## How to complete this task
Produce word for word the lines of the data below running from the one that has "As primeiras provas" to the one that has "Opakowanie Karnet drewniany", inclusive, and no others.

## Material provided
[Start of Attachment]

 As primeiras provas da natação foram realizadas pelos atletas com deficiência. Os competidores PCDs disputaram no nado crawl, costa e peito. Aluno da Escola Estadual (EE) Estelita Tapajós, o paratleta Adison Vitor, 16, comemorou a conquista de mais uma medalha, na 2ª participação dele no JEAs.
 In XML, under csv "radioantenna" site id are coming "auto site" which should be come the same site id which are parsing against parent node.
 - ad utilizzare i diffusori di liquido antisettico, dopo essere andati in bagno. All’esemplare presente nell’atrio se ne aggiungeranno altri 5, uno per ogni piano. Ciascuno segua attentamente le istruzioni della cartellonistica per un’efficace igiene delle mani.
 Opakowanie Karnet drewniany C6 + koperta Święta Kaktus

[End of Attachment]
[Start of Attachment]

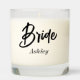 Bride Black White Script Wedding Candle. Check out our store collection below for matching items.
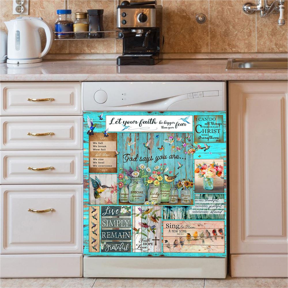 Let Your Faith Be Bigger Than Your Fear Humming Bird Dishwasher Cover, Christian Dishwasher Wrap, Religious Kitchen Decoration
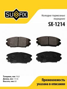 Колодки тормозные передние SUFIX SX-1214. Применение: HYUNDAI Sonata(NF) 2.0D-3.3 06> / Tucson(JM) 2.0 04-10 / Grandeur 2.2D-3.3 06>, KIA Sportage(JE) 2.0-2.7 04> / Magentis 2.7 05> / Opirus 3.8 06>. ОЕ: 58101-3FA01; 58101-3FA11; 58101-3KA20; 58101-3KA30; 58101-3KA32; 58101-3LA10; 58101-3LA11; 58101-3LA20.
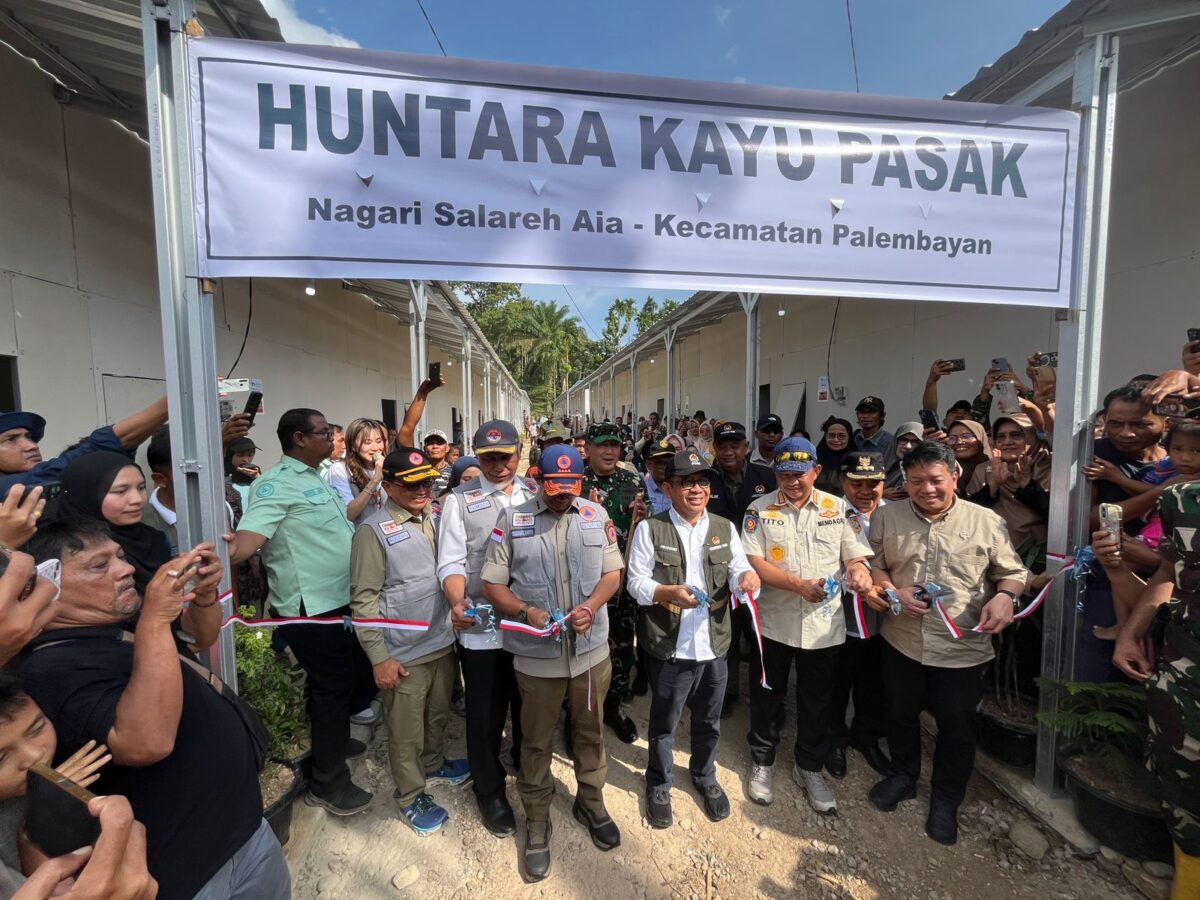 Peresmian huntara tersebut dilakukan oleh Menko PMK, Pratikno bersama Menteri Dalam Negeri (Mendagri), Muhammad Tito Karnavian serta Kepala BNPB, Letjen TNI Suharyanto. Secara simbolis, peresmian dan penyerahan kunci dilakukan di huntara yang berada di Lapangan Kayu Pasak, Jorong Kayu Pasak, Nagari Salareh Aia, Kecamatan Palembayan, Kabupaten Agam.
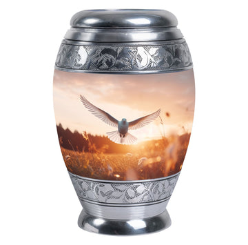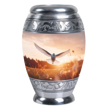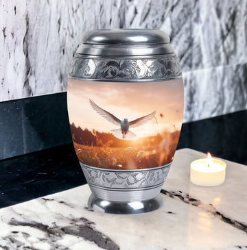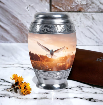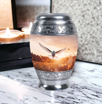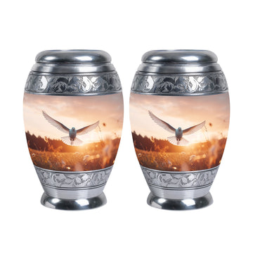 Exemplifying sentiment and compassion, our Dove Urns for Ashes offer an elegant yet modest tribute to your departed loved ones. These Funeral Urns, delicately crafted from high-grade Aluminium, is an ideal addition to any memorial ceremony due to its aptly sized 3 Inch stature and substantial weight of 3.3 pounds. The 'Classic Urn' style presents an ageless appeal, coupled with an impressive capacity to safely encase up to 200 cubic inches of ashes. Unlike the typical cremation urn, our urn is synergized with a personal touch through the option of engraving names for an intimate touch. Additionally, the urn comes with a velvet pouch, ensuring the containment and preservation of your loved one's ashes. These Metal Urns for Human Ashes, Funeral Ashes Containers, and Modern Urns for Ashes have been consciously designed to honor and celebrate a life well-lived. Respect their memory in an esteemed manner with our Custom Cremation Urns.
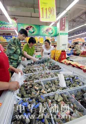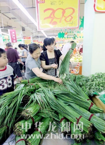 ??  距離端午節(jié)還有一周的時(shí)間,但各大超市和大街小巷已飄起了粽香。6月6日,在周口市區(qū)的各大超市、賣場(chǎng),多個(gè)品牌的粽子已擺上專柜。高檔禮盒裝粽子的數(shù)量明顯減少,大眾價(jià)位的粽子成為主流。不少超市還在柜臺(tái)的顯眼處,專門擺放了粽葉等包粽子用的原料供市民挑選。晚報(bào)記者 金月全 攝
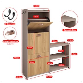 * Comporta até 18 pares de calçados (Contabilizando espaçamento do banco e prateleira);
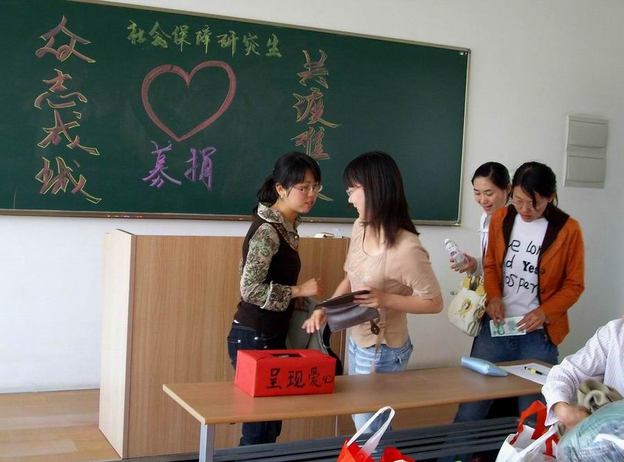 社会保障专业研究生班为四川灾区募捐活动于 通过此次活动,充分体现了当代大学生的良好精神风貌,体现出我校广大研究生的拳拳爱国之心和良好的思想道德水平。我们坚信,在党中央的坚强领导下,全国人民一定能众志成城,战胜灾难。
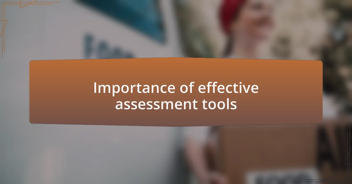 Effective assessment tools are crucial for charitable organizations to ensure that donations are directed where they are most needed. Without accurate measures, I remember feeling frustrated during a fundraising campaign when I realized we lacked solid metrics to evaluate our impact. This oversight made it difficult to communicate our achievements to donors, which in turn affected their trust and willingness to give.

[End of Attachment]

## Expected answer
 As primeiras provas da natação foram realizadas pelos atletas com deficiência. Os competidores PCDs disputaram no nado crawl, costa e peito. Aluno da Escola Estadual (EE) Estelita Tapajós, o paratleta Adison Vitor, 16, comemorou a conquista de mais uma medalha, na 2ª participação dele no JEAs.
 In XML, under csv "radioantenna" site id are coming "auto site" which should be come the same site id which are parsing against parent node.
 - ad utilizzare i diffusori di liquido antisettico, dopo essere andati in bagno. All’esemplare presente nell’atrio se ne aggiungeranno altri 5, uno per ogni piano. Ciascuno segua attentamente le istruzioni della cartellonistica per un’efficace igiene delle mani.
 Opakowanie Karnet drewniany C6 + koperta Święta Kaktus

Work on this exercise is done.